The Volumetrics Weight-Control Plan by Barbara Rolls and Robert Barnett. Recommended by my nutritionist friend and the American Dietetic Association. It is another good book on basics of good nutrition and helping you to implement those ideas. What is new here, that I have not seen elsewhere, is a focus on being satisfied with the quantity of food you are getting. They do this by helping you to make good choices and modifying recipes to reduce calorie density. By doing so, you can eat more, are more satisfied, and yet can control or lose weight. The results are surprisingly satisfying and doable. More later.
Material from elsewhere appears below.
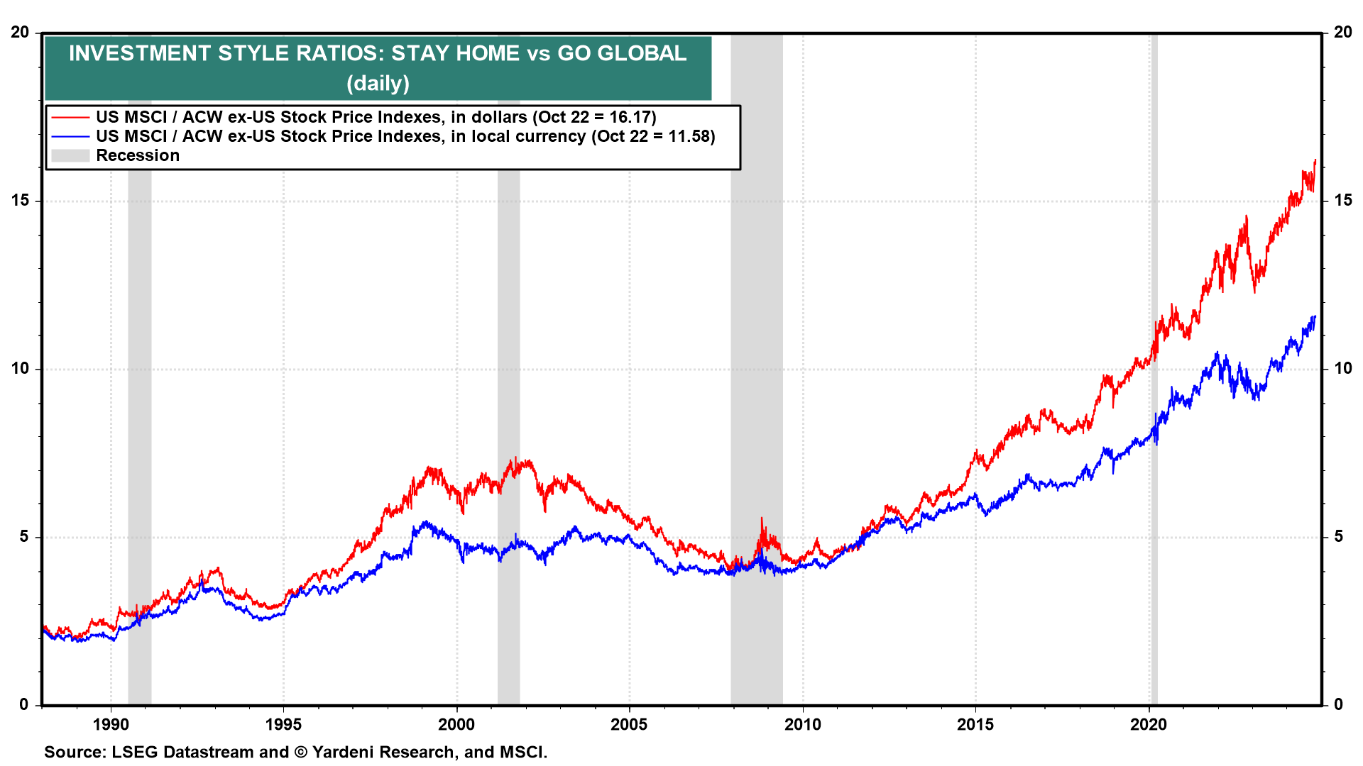 We've been recommending overweighting the US in global equity portfolios since 2010. We still are, and it is still working (chart).

The EatingWell Diet: The University-Tested VTrim Weight-Loss Program by Dr. Jean Harvey-Berino – This book again includes very good nutritional information and a solid plan for implementing it. We do not plan to follow their plan per se but will use some of the recipes. They are very attractively laid out in the book. In doing a bit more research, I found that the recipes are taken from Eating Well Magazine. So I am subscribing to it as well. You might check out their web site!